Caravan Disrupts Line 3 Construction Routes, Carlton County Triggers Backlash

Carlton County, MN – On Friday, February 19, a family-friendly caravan disrupted traffic at several Line 3 construction routes. During the event, authorities announced a baseless bomb threat via FEMA’s Wireless Emergency Alerts system. The Carlton County Sheriff’s Office also made unsubstantiated connections between the water protectors and the “potential explosive hazard.”

Around noon, before the caravan started, a dozen people protested near the pipeline construction just feet away from Camp Migizi on the Fond Du Lac Reservation. The caravan first drove to a choke-point of roads used for construction access, and then to the new Line 3 corridor, where the pipeline has yet to be laid. Running parallel to the new corridor, was the current corridor with six pipelines underground. The pipeline resisters, which featured several young children, stayed until authorities issued dispersal orders.

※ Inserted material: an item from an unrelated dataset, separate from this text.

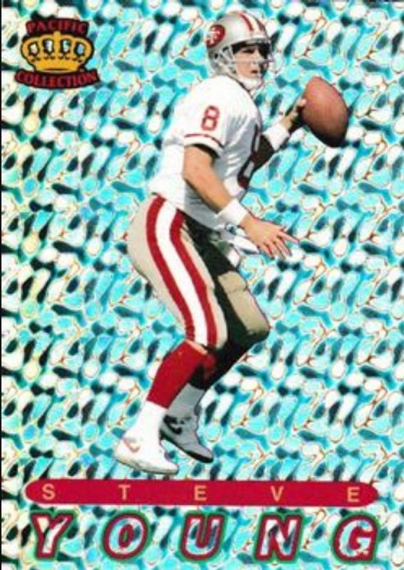 The Steve Young 1994 Pacific Prisms #126 Base card is 1 of 2 Steve Young's card variations in the 1994 Pacific Prisms set being tracked by Sports Card Investor, including Gold.

Unicorn Riot was live for each of the protest sites. [1, 2, 3]

While the caravan was stopped at the third disruption area, authorities sent the “Imminent extreme alert” SMS messages to cell phones in Aitkin, St Louis, Pine, and Carlton Counties. More than an hour later, a clarifying message was sent saying that the initial message was sent in error to the other counties, and that is was “a localized event in Carlton County.”

Three messages sent as part of the authorities’ baseless bomb scare via FEMA’s Wireless Emergency Alerts system on February 19, 2021.

This “potential explosive hazard” turned out to be false, but the psychological effects were real. When the caravan, which included Unicorn Riot journalists, attempted to go back to Camp Migizi, they were blocked by locals who believed the caravan was at fault.

Below are two press releases published by the Carlton County Sheriff’s Office.

In the first release, the Sheriff’s Office explains the county received a 911 call at 12:40 p.m. that “three people had thrown suspicious packages out.” At that same time, water protectors were complying with a dispersal order and leaving the area. Because it was a rural road leading only to worksites, the people who may have seen the alleged “suspicious packages” and called 911, had to be someone in law enforcement, a construction worker, or least-likely a water protector.

In the second release, the Sheriff’s Office states that the now-termed “suspicious device” was not “an explosive agent.” Carlton County Sheriff Kelly Lake stated: “We will push for the maximum charging and penalties for everyone involved in these types of crimes,” referring to laws against “the placement of replica devices to cause fear or panic.”

To longtime activists and water protectors, these tactics by the State are old news.

During the November 20, 2016 Highway 1806 standoff between water protectors and law enforcement at Standing Rock, an Instantaneous Blast CS grenade blew up directly on 21-year-old Sophia Wilansky’s arm.

In an apparent attempt to deflect blame onto the water protectors themselves, Morton County Sheriff’s spokesperson stated that the police couldn’t have inflicted that “type of damage to her arm” and said that “protesters” were “rigging up their own explosives.”

Sam Grant, executive director of MN350, spoke with Healing Minnesota Stories about the “inappropriate fear mongering:”

“The real violence happening in Northern Minnesota is what is being done as Enbridge constructs Line 3. We remain focused on protecting our water, land, wildlife and human life.”

Taysha Martineau, a Fond Du Lac Band member and part of Camp Migizi, told Healing Minnesota Stories:

“The criminalization of water protectors and Indigenous leaders of the resistance is a tale as old as time immemorial.”